Frozen: Whether it’s served flawless as a diamond or in chunky pebbles, ice may be the ultimate luxury.

Jet Ski escape: A Chinese dissident fled the country with a telescope and a compass.

Exclusive invitation: Filmmakers have Cannes. Billionaires have Davos. Economists? They have Jackson Hole.

Lives Lived: During the 800-meter run at the Melbourne Olympics in 1956, a runner suddenly sneaked past Tom Courtney and burst toward the finish line. But Courtney had one last surge in him, lunging forward and winning gold by one-tenth of a second. He died at 90.

Demotion: The San Francisco 49ers announced Trey Lance — the starter heading into last season — as its third-string quarterback yesterday.

Arm fatigue: An ailing Shohei Ohtani left in the first inning of the Angels’ loss.

Suit filed: The former U.S.C. star Reggie Bush sued the N.C.A.A. for defamation, over comments made by a spokesperson in 2021.

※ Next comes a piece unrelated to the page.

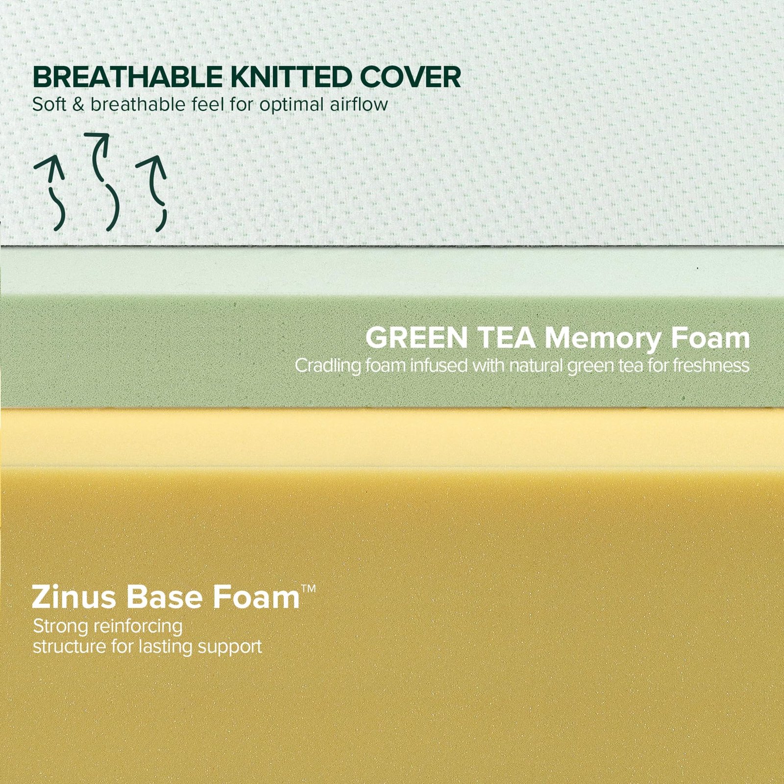 • Refreshing green tea & moisture‑absorbing charcoal infused into three layers of top‑notch foam for full‑body pressure relief.
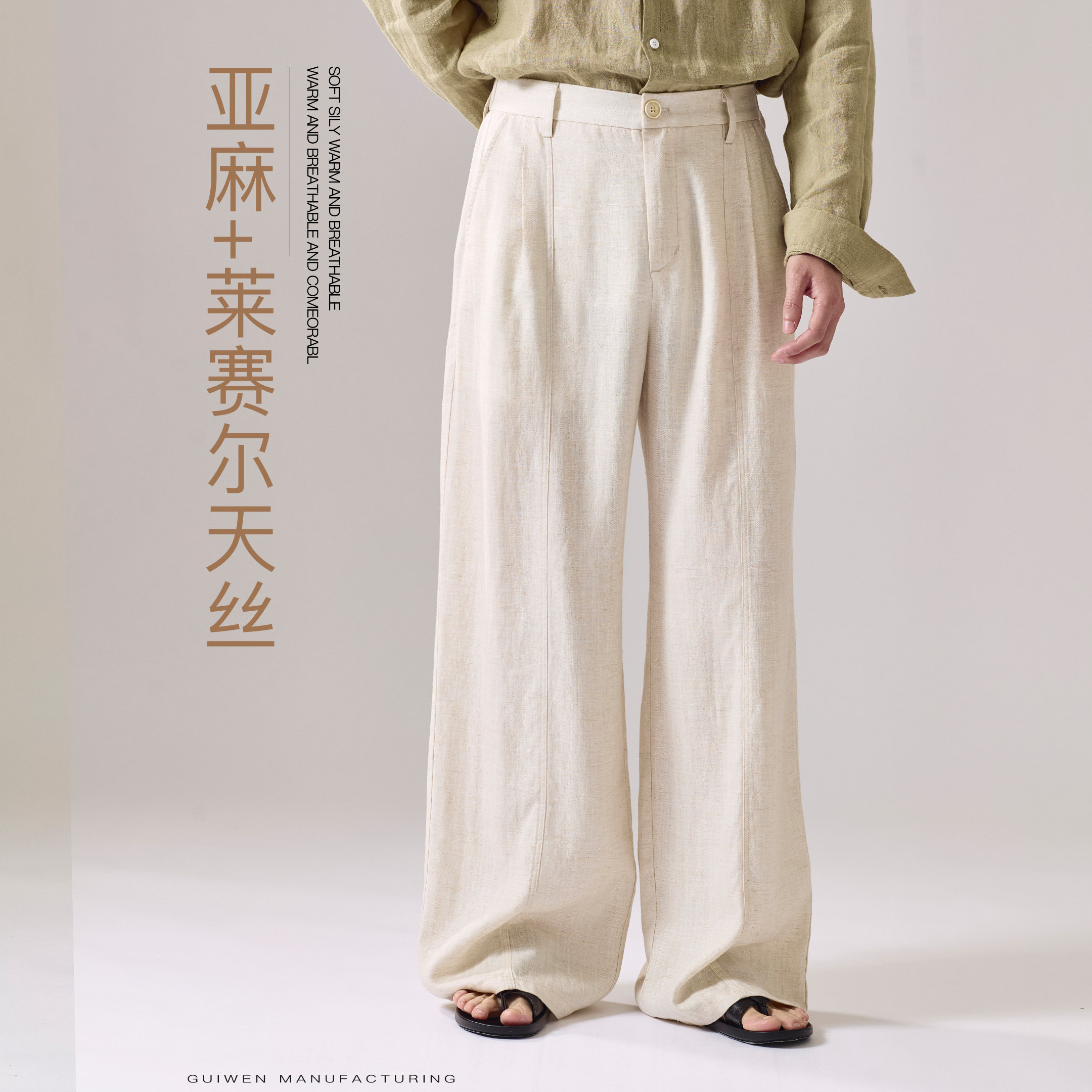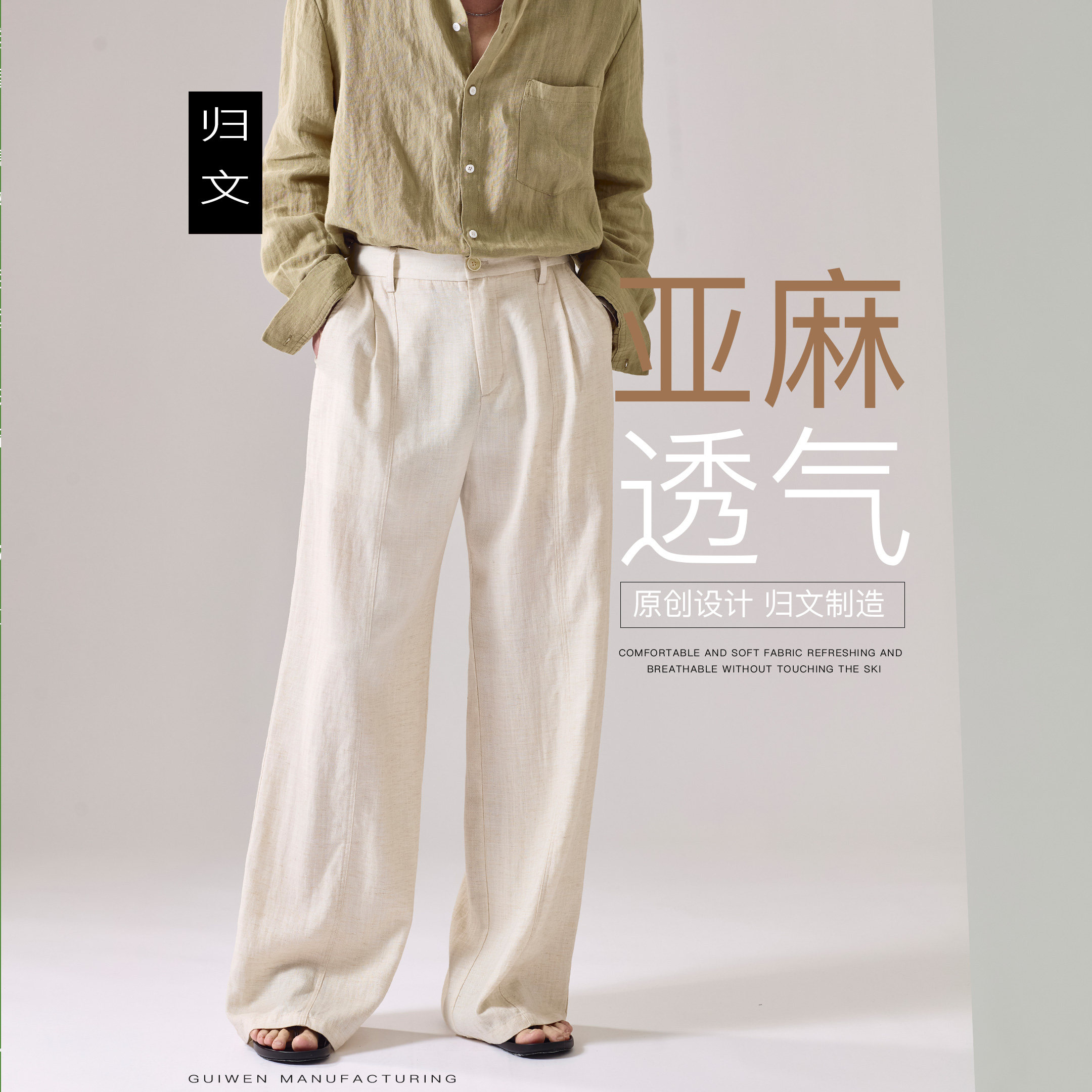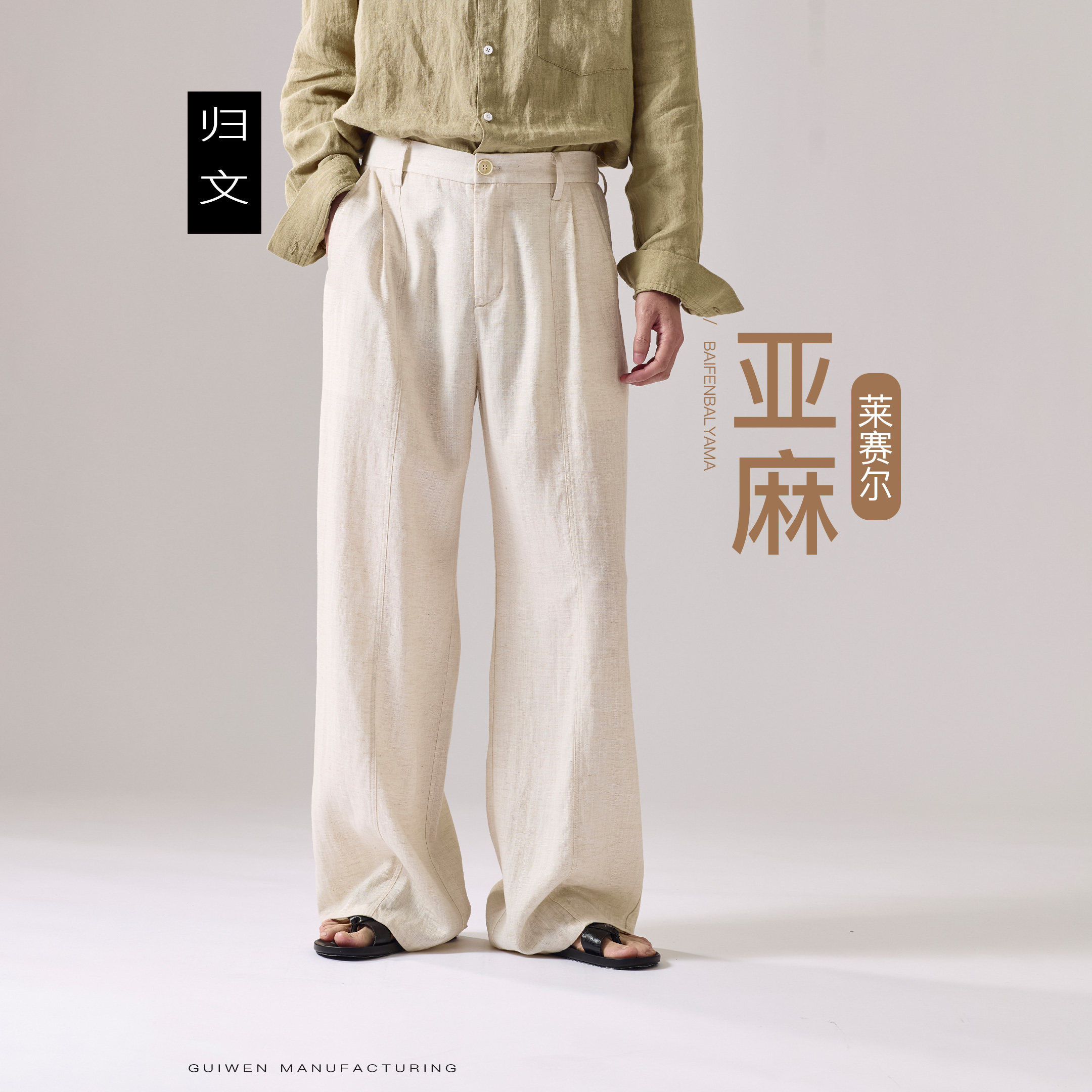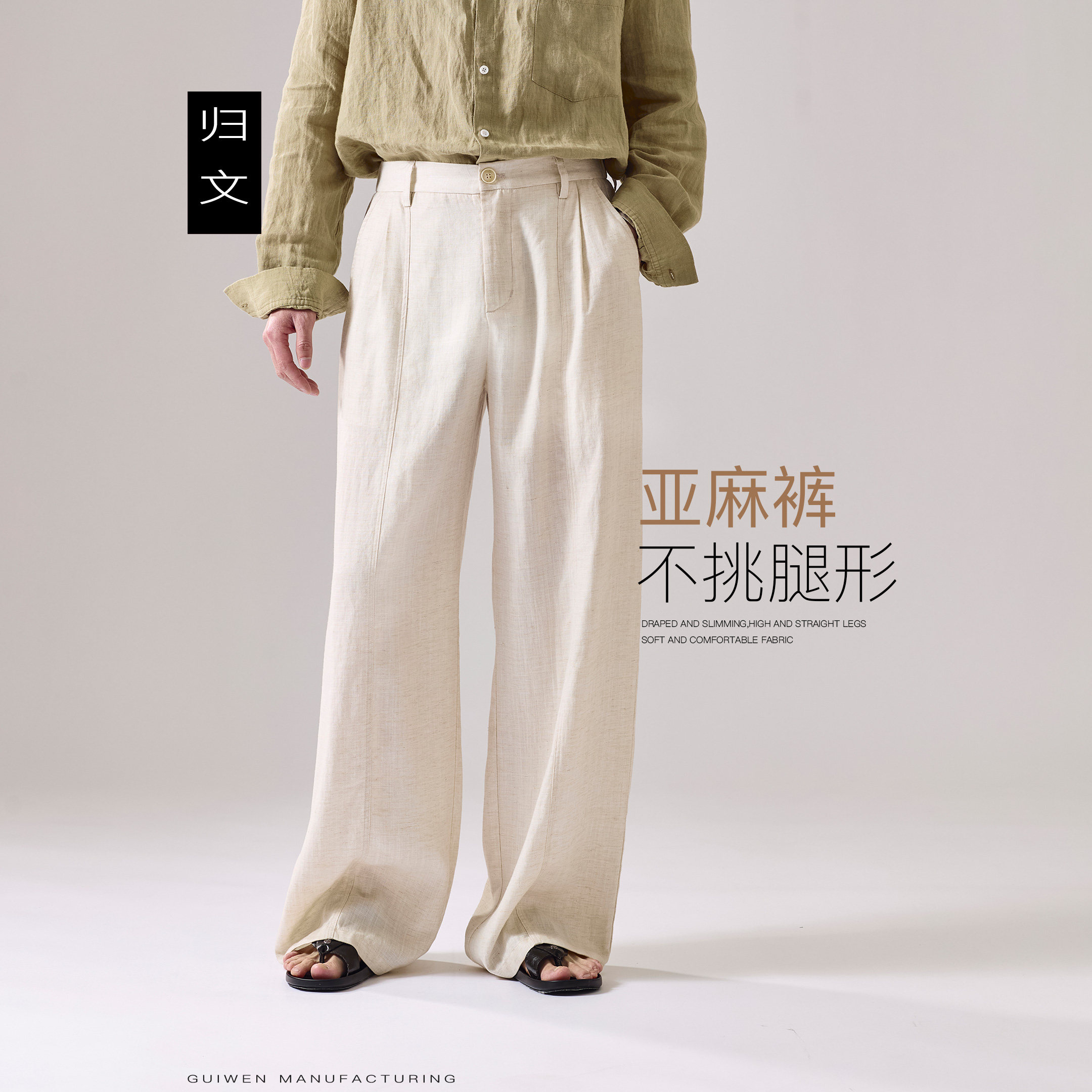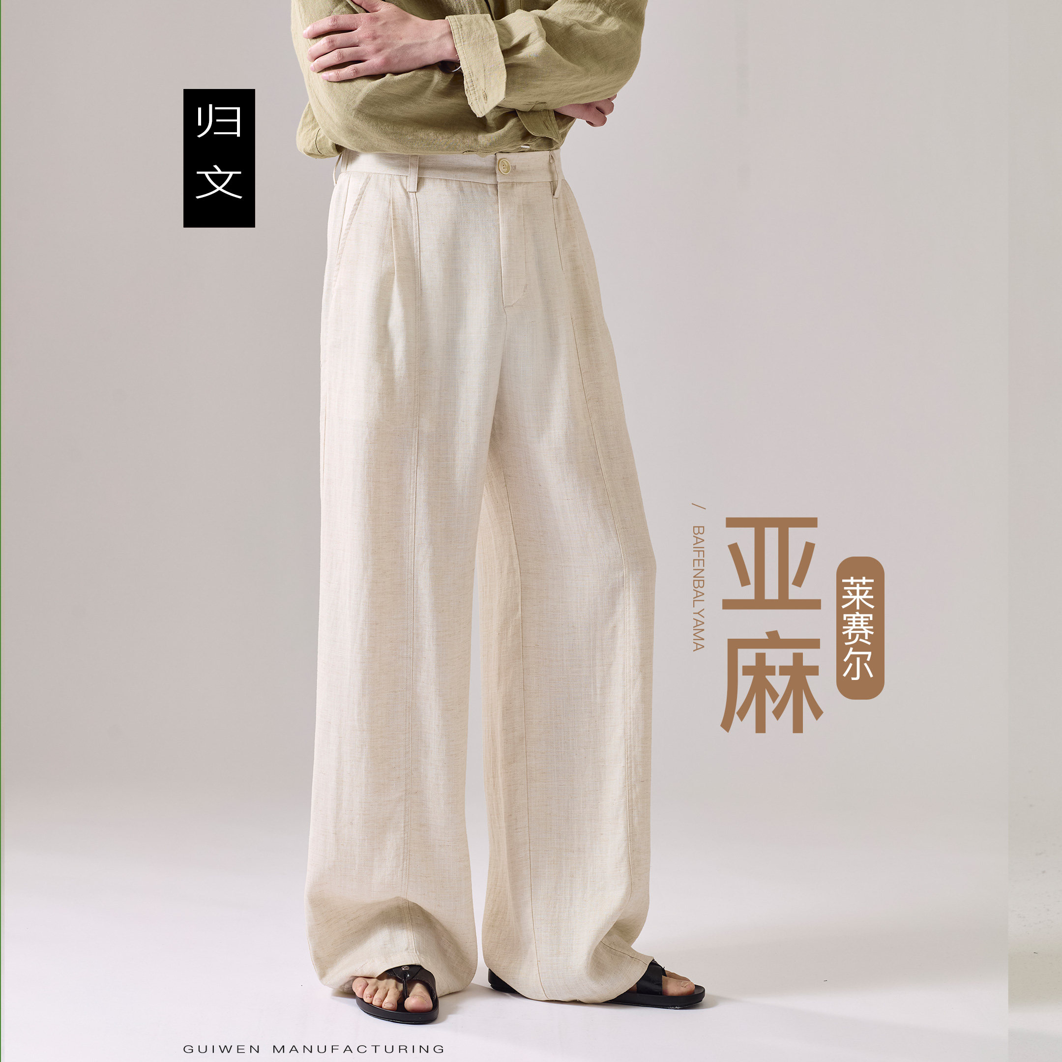 淘宝老钱风亚麻阔腿裤男宽松高腰休闲长裤透气高级感直筒裤米白色裤子

War games: During their downtime, Ukrainian soldiers sometimes play the video game World of Tanks on their cellphones. The game, which features virtual tanks destroying each other and has long been popular in Ukraine, may seem like a baffling choice for an actual battlefield. But some soldiers said it helped them disconnect from the realities of war, while others found it soothing to play a game they loved before the fighting began.